A toner bottle according to the fourth modified example includes a stirring member which is provided integrally with the toner conveyer 45. FIGS. 18A and 18B each is a diagram showing the toner conveyer 45 and the stirring member according to the fourth modified example. FIG. 18A shows external appearances of the toner conveyer 45 and the stirring member, while FIG. 18B shows a state where the toner conveyer 45 and the stirring member are attached to the container body 60. In FIG. 18B, the stirring member is attached to the toner conveyer 45B which is one of a pair of the toner conveyers 45A and 45B. Referring to FIGS. 18A and 18B, a stirring member 453 is fixed to a rear end of the toner conveyer 45 and extends forward, passing through an inner part of the toner conveyer 45. A front end of the stirring member 453 is positioned in a vicinity of the opening 411a of the container body 60.

When the container body 60 is rotated in the MFP 100, the stirring member 453 comes into contact with a fixing portion which is fixedly provided to the MFP 100. In the present embodiment, the stirring piece 74 of the cap portion 412 corresponds to the fixing portion which is fixedly provided to the MFP 100. The stirring member 453 includes flexibility and is deflected by coming into contact with the stirring piece 74. Further, when the stirring member 453 in a state of being deflected is separated from the stirring piece 74, the stirring member 453 begins to swing by the restoring force applying to the stirring member 453. In this case, the toner collected in a vicinity of the opening 411a of the bottle portion 411 is stirred by the stirring member 453. Therefore, this prevents toner in a flocculated state from flowing out of the opening 411a, and it is possible to stably adjust a supplied amount of toner from the opening 411a.

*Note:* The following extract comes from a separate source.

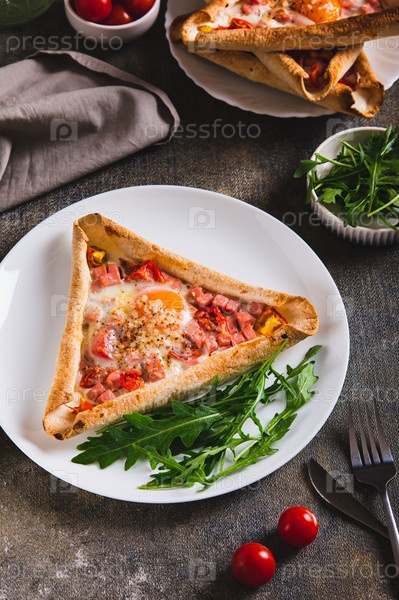 Свернутые яйца с беконом и вишневыми помидорами в тортильях и ругуле на тарелке вертикальный вид

A shape of the stirring member 453 is not especially limited. FIGS. 18A and 18B each shows that the stirring member 453 has a plate shape, but it may have a bar-shape or a curved shape. Further, the stirring member 453 may extend to backward position of a rear end of the toner conveyer 45. Further, the number of the stirring member 453 is not limited to one, and more than two of the stirring member 453 may be attached to either one or a pair of the toner conveyer 45.

Fifth Modified Example

A toner bottle according to the fifth modified example further includes a containing member in addition to the stirring member 453. FIG. 19 is a cross-section view showing a state where the toner conveyer 45, the stirring member 453 and the containing member are attached to the container body 60 according to the fifth modified example. In FIG. 19, the stirring member 453 and the containing member are attached to the toner conveyer 45B which is one of a pair of the toner conveyers 45A and 45B. Referring to FIG. 19, a containing member 454 is fixed to a front end of the stirring member 453. The containing member 454 includes a containing area 454a capable of storing toner, and is opened backward. If a large amount of toner remains in the bottle portion 411, a part of toner conveyed toward the opening 411a flows into the containing member 454. If an amount of toner in the bottle portion 411 is decreased, toner flows out of the containing member 454 along with the swinging of the stirring member 453, and the toner flowed out is conveyed by the toner conveyer 45. This allows securing the amount of toner conveyed even if an amount of toner in the bottle portion 411 is decreased, and this makes it possible to stably supply toner from the bottle portion 411. It should be noted that, the number of the containing member 454 is not limited one, but more than two of the containing member 454 may be provided. In this case, a plurality of the containing member 454 may be fixed to one of the stirring member 453, while a plurality of the stirring member 453 may be provided, and the containing member 454 may be fixed to each of the plurality of the stirring member 453.

Sixth Modified Example

A toner bottle according to the sixth modified example includes a locking member which is provided integrally with the toner conveyer 45. FIGS. 20A and 20B each is a diagram showing the toner conveyer 45 and the locking member according to the sixth modified example. FIG. 20A shows external appearances of the toner conveyer 45 and the locking member, while FIG. 20B shows a state where the toner conveyer 45 and the locking member are attached to the container body 60. In FIG. 20B, the locking member is attached to the toner conveyer 45A which is one of a pair of the toner conveyers 45A and 45B. Referring to FIGS. 20A and 20B, a locking member 455 has an annular shape and is fixed to a front end of the toner conveyer 45. When the toner conveyer 45 is attached to the container body 60, the locking member 455 is locked at an edge of the opening 411a (a front end of the cap attaching portion 63) of the container body 60. This prevents the toner conveyer 45 to be inserted more backward than a predetermined position, and positioning of the toner conveyer 45 is facilitated. The locking member 455 according to the sixth modified example is an example of a positioner for positioning the toner conveyer 45 in the container body 60. It should be note that, a shape of the locking member 455 is not limited to an annular shape, but may be another shape as long as the locking member can be locked at an edge of the opening 411a.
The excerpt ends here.